My main feedback is that all of the information looks equally relevant on the
page. I would suggest minimization of suggestions of other debates and focus
the UI on debating the current issue you are looking at. It seems that you
want people to debate rather than just vote. As of right now, I get lost in
the three column layout.

Another shift to consider is having the evidence before the voting. If your
goal is to educate and to encourage discuss over voting, the information on
positions should be more readily available.

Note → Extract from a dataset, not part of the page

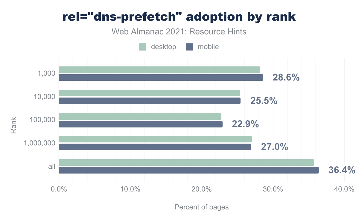 rel="dns-prefetch" segmented by CrUX rank. rel="dns-prefetch" has a 28.6% for the top 1,000 sites on mobile and 28.2% on desktop. rel="dns-prefetch" has a 25.5% for the top 10,000 sites on mobile and 25.3% on desktop. rel="dns-prefetch" has a 22.9% for the top 100,000 sites on mobile and 22.7% on desktop. rel="dns-prefetch" has a 27.0% for the top 1 million sites on mobile and 27.1% on desktop. rel="dns-prefetch" has a 36.4% for all sites on mobile and 35.7% on desktop.rel="dns-prefetch" segmented by CrUX rank.

No doubt this vertical is hard to design for, ha ha

------
xtrahotsauce
Looks pretty awesome so far. I'm not a big fan of all the different fonts and
formatting. Like aginn mentioned, I don't know if Related Issues should have
the same size as the currently focused issue. Love the landing page though.

------
gbelote
Wow, the interface is very slick. I really like how you put focus on the
viewpoints and how you collapse the details. Even though there's a lot of
information it doesn't feel very cluttered to me.

------
martinpgreen
I've been impressed with this idea and interface. Although there rarely are
only 2 sides, I find myself checking in on issues. Also, I agree w/ xtra great
landing page.

------
jsnkwok
Honestly I'm a pretty big fan of this idea. Pretty original too. This is
random, but I do dig the typography.

------
profturnip
Love it!